### [Assignment]
The line containing "こうしたトラブルを防ぐために", plus every line that follows it to the end of the listing below, is what you transcribe exactly; omit all pictures.

### [Stored data]
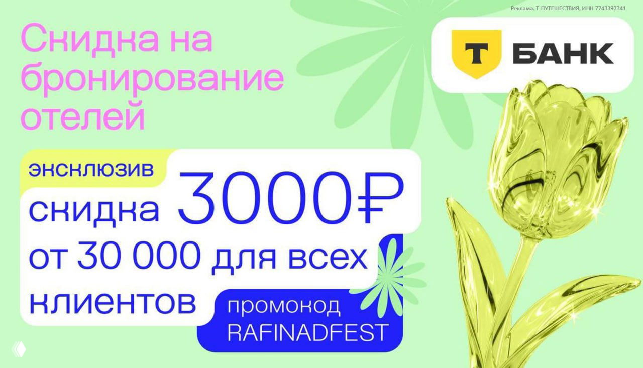 RAFINADFESTСкидка действует на любое бронирование по предоплате.
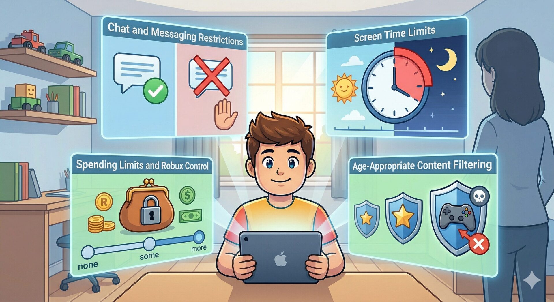 こうしたトラブルを防ぐために、ロブロックスには強力な「保護者コントロール」機能が備わっています。
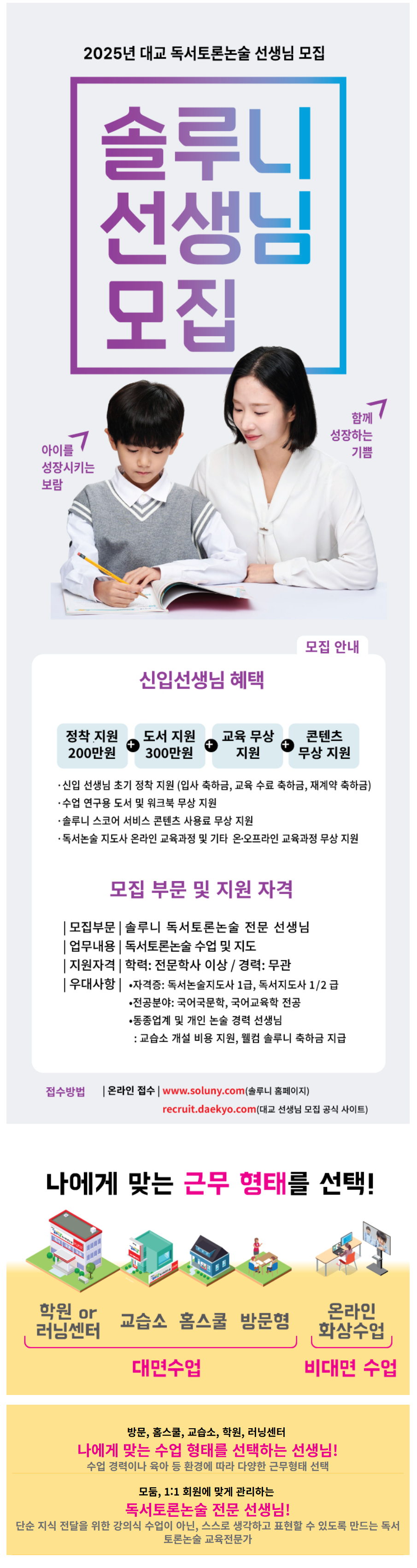 ¿¹ºñ ±³À° ¼ö·á ½Ã, ¼Ö·ç´Ï µ¶¼³í¼ú ÀÏ¹Ý ±³À°ÀÇ ÀÚ¿ø ÀÚ°ÝÀ» ºÎ¿©ÇØ ÁÖ´Â ¹«·á ±³À° °úÁ¤

### [Solution for this task]
 こうしたトラブルを防ぐために、ロブロックスには強力な「保護者コントロール」機能が備わっています。
 ¿¹ºñ ±³À° ¼ö·á ½Ã, ¼Ö·ç´Ï µ¶¼³í¼ú ÀÏ¹Ý ±³À°ÀÇ ÀÚ¿ø ÀÚ°ÝÀ» ºÎ¿©ÇØ ÁÖ´Â ¹«·á ±³À° °úÁ¤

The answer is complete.